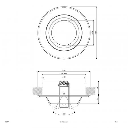 Schwenkbare Deckeneinbauleuchte für vielfältige Anwendungen im Innenbereich. Der konisch geformte Innenring ragt 10mm über den Außenring heraus. Abhängig von der verwendeten Fassung lassen sich verschiedene Leuchtmittel für die Unterschiedlichsten Beleuchtungsanforderungen in die Leuchte einsetzen, ganz egal ob Halogen oder LED, wodurch der Gestaltungsmöglichkeit nahezu keine Grenzen gesetzt sind. Der Schwenkwinkel der Leuchte beträgt 30°.
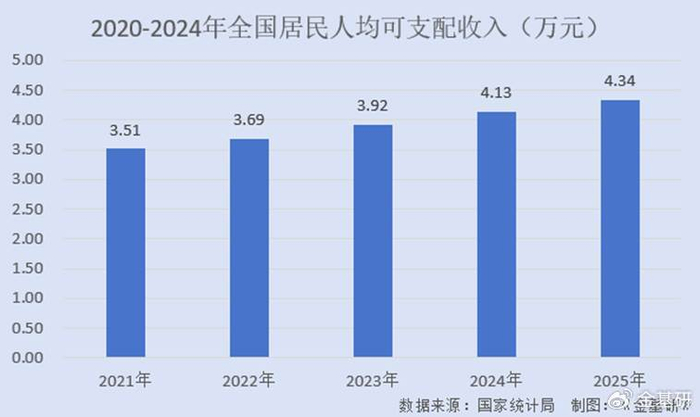 据国家统计局数据,2021-2025年,全国居民人均可支配收入分别为3.51万元、3.69万元、3.92万元、4.13万元、4.34万元,CAGR为5.41%。
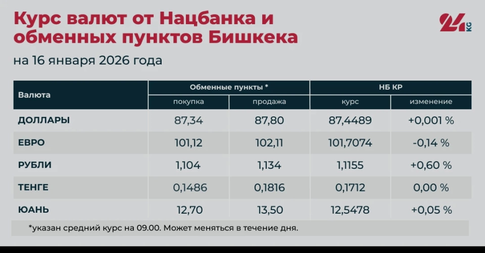 На 16 января официальные курсы доллара, российского рубля и китайского юаня увеличились, тогда как евро показал снижение. Казахский тенге остается без изменений. Эти данные предоставлены Национальным банком Кыргызстана и обменными пунктами Бишкека.
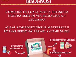 La seconda novità è la possibilità di realizzare la propria scatola solidale direttamente presso la sede legnanese di Casaringhio Aps utilizzando il materiale sfuso raccolto. Questa iniziativa vuole favorire l’incontro e la collaborazione tra Persone che per svariati motivi non siano nelle condizioni di provvedere autonomamente alla realizzazione dei pacchetti. Per gli orari e ogni ulteriore informazione si raccomanda di chiamare il numero 3457824030.
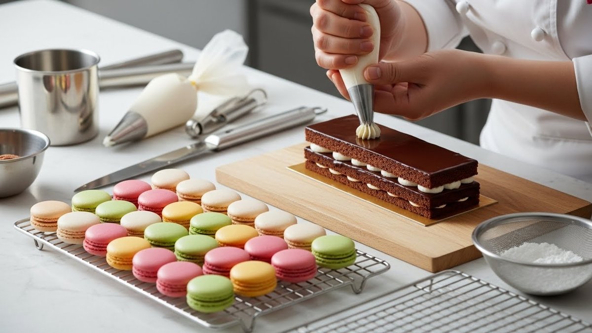 マカロンはメレンゲの立て方とマカロナージュの加減が重要で、生地の硬さや光沢が仕上がりを左右します。乾燥時間は気温や湿度で変わるので、触って指に生地がつかない状態を確認してから焼くと良いです。
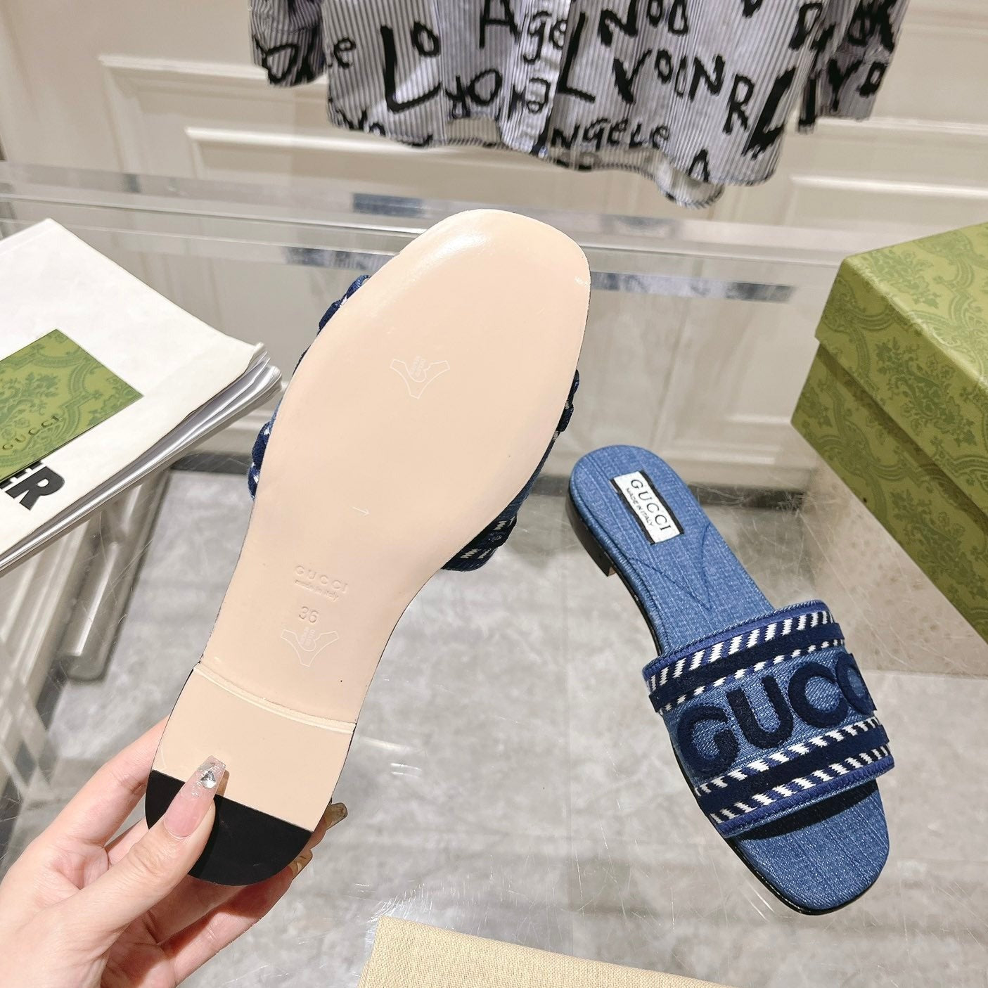 GG Interlocking double G hollow slippers Neon Blue
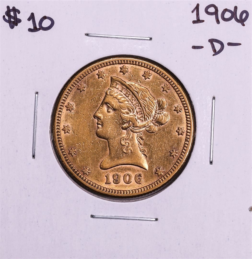 One 1906-D $10 Liberty Head Eagle Gold Coin.
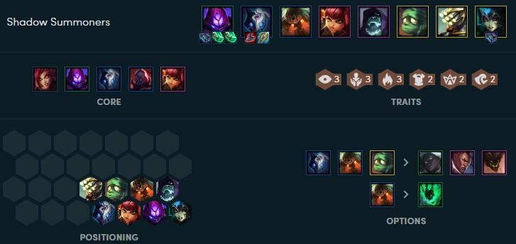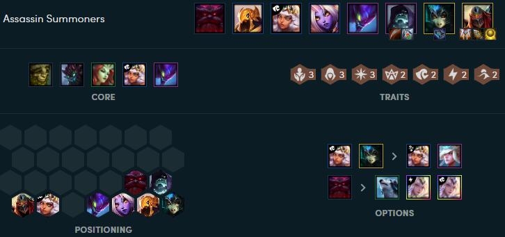 阵容解析:该阵容拥有多个羁绊,可以说是有魔法防御又有后排输出,不过缺少前排,主要利用刺客切后排以及召唤使的召唤物持续消耗,前后夹击对手。
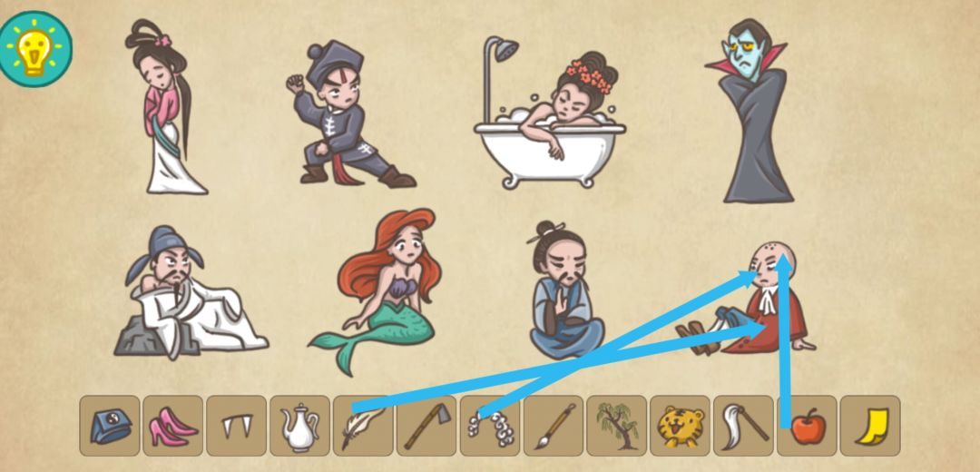 把牛扔水里,旋风放小麦上,蚂蚁放树上,僧人放墙后,松鼠放鱼上,女人放男人上,太阳放小狗上,把狮子尾巴往外拖,点击墙后的龙角,把马放到龙上,点击鸡,把蛋放到塔上
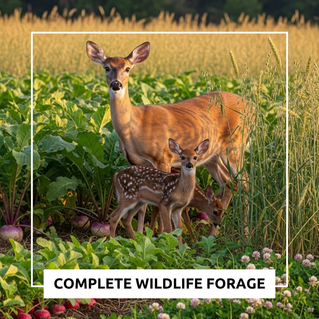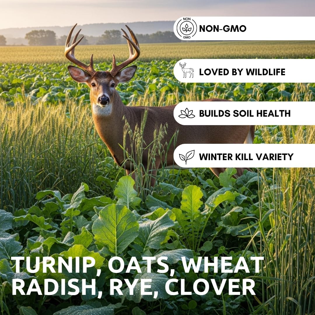 Buffalo Blend food plot seed builds soil and provides an excellent habitat for your wildlife. This mix contains seed species that work in unison to provide great ground cover and lush green forage. All plants are cold tolerant and will feed your critters during fall, winter and into early spring. The Buffalo Blend Whitetail Deer Food Plot Seed Mix is a premium, all-season blend specially formulated to attract and nourish deer, turkey, and other wildlife. Featuring a balanced combination of Turnip, Radish, Clover, Wheat, Rye, and Oats, this diverse seed mix provides both quick growth and long-lasting nutrition throughout the fall and winter months. This mix offers high protein and energy to support healthy antler development, body condition, and herd sustainability. Designed to thrive in a variety of soils and climates, the Buffalo Blend establishes quickly, resists grazing pressure, and keeps deer returning all season long. Perfect for hunters, land managers, and wildlife enthusiasts looking to create a lush, irresistible feeding area.
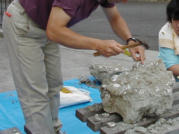 貝の化石がたくさん見つかりました。岩のかたまりを持って帰って、中の化石をとりだします。これをクリーニングといいます。
━━━
→ **WORK ITEM**
Above are some entries; copy exactly the lines from the line with "La seconda novità" through the line with "把牛扔水里,旋风放小麦上,蚂", both included, but none of the pictures.

→ **ANSWER FOR THIS EXERCISE**
 La seconda novità è la possibilità di realizzare la propria scatola solidale direttamente presso la sede legnanese di Casaringhio Aps utilizzando il materiale sfuso raccolto. Questa iniziativa vuole favorire l’incontro e la collaborazione tra Persone che per svariati motivi non siano nelle condizioni di provvedere autonomamente alla realizzazione dei pacchetti. Per gli orari e ogni ulteriore informazione si raccomanda di chiamare il numero 3457824030.
 マカロンはメレンゲの立て方とマカロナージュの加減が重要で、生地の硬さや光沢が仕上がりを左右します。乾燥時間は気温や湿度で変わるので、触って指に生地がつかない状態を確認してから焼くと良いです。
 GG Interlocking double G hollow slippers Neon Blue
 One 1906-D $10 Liberty Head Eagle Gold Coin.
 阵容解析:该阵容拥有多个羁绊,可以说是有魔法防御又有后排输出,不过缺少前排,主要利用刺客切后排以及召唤使的召唤物持续消耗,前后夹击对手。
 把牛扔水里,旋风放小麦上,蚂蚁放树上,僧人放墙后,松鼠放鱼上,女人放男人上,太阳放小狗上,把狮子尾巴往外拖,点击墙后的龙角,把马放到龙上,点击鸡,把蛋放到塔上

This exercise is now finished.